Personal information
- Date of birth: 11 October 1982 (age 43)
- Place of birth: Scotland
- Position: Defender

Team information
- Current team: Arthurlie

Youth career
- 1990–1999: Seafar Villa
- 1999–2000: Leeds United

Senior career*
- Years: Team / Apps / (Gls)
- 2000–2003: Kilmarnock / 0 / (0)
- 2001–2002: → Raith Rovers (loan) / 8 / (0)
- 2001–2002: → Brechin City (loan) / 6 / (0)
- 2002: → Queen of the South (loan) / 2 / (0)
- 2003–2004: Greenock Morton / 32 / (1)
- 2004–2007: Stenhousemuir / 68 / (0)
- 2007: Pollok
- 2007: Berwick Rangers / 1 / (0)
- 2007–2008: Bo'ness United
- 2011–2012: Glenafton Athletic
- 2012–2013: Kirkintilloch Rob Roy
- 2013–: Pollok F.C.

= Robbie Henderson =

Scottish footballer

Robbie Henderson (born 11 October 1982) is a Scottish footballer, who plays as a defender for Pollok F.C. in the Scottish Junior Football Association, West Region. He has also played in midfield during his career.

==Career==

Henderson started his career on the books of Leeds United, where he won Young Players Player of the Year, 1999, before making his way to Scotland to sign for Scottish Premier League side Kilmarnock.

He never made an appearance for the Killie first team, partly due to a fractured eye socket at the hands of one of his team-mates, but was sent out on loan to Raith Rovers, and Queen of the South where he managed a few appearances at each club.

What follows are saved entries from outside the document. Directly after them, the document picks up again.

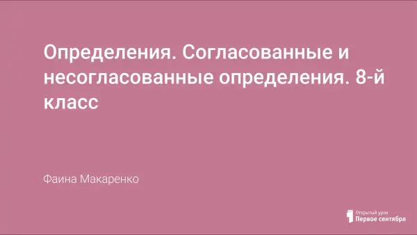 Данный урок – первый по теме «Согласованные и несогласованные определения». В ходе урока есть возможность повторить составное именное сказуемое, тире между подлежащим и сказуемым, способы связи слов в словосочетании. На уроке осуществляется формирование и развитие умений и навыков как предметных, так и общеучебных (сопоставление, ответы на вопросы и т.п.).
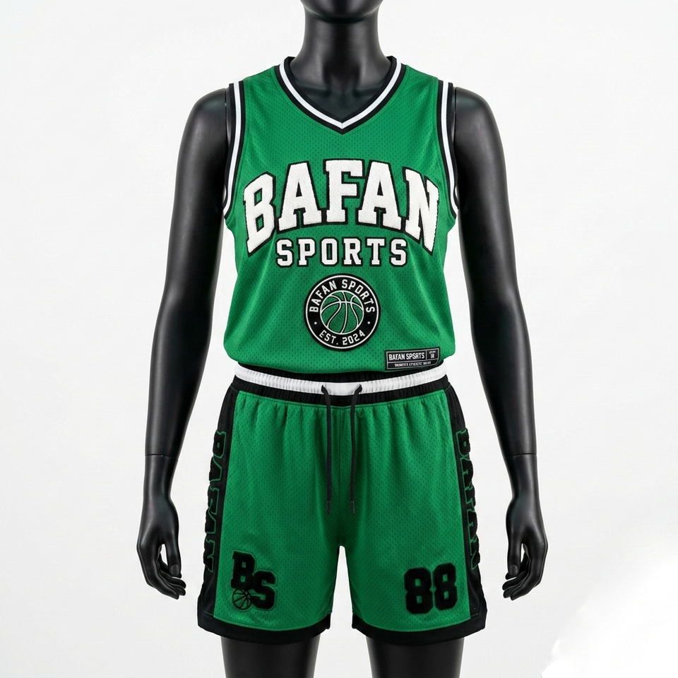 Ensemble maillot et short de basketball en polyester mesh premium 190 GSM, vert avec empiècements noirs, logo brodé personnalisé, pour femmes
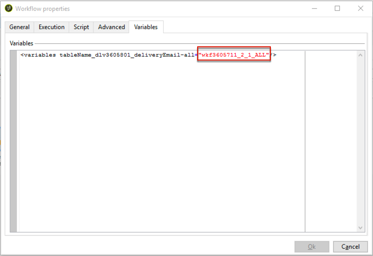 분석이 완료되면 워크플로우로 이동합니다 Properties 을(를) 선택하고 을(를) 선택합니다. Variables 탭. 여기에는 포함된 ID를 표시하기 위해 SQL 호출을 수행하는 데 사용할 수 있는 임시 테이블의 이름이 표시됩니다.
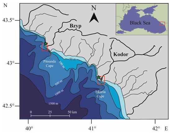 The continental shelf at the study area is very steep and narrow. The distance between the coastline and the 500 m isobath is less than 10 km near the Kodor and Bzyp mouths (Figure 1). The main coastline features at the study area are large capes, namely the Iskuria and Pitsunda capes, located to the south from the Kodor and Bzyp deltas, respectively (Figure 1). The local sea circulation from surface to the depth of 200–250 m is governed by alongshore currents due to the current system cyclonically circulating along the continental slope, which is generally referred to as the Black Sea Rim Current [66,67]. Sea surface circulation in the study region is also influenced by nearshore anticyclonic eddies, which are regularly formed between the main flow of the Rim Current and the coast owing to baroclinic instability caused by wind forcing and coastal topography [68,69,70]. Tidal circulation at the study area is very low and tidal amplitudes are less than 6 cm [71,72]. Salinity in the coastal sea, which is not influenced by river discharge, is 17–18 [67,73].

When he was released by Kilmarnock, he signed for Greenock Morton in the Scottish Football League Second Division as part of John McCormack, Henderson won a championship medal for the third division.

After around 18 months at Morton, Henderson moved on to Stenhousemuir before leaving the senior game in 2007 to sign for Junior side Pollok after a deal with Berwick Rangers fell through after one appearance, then on to Bo'ness United until he was transfer listed in July 2008.

Henderson returned to the Junior game in March 2011 with Glenafton Athletic and captained the club to the West Super League First Division title in 2011–2012. He left Glenafton for Kirkintilloch Rob Roy in October the following season.

On 24 January 2016, Henderson join Arthurlie as assistant manager.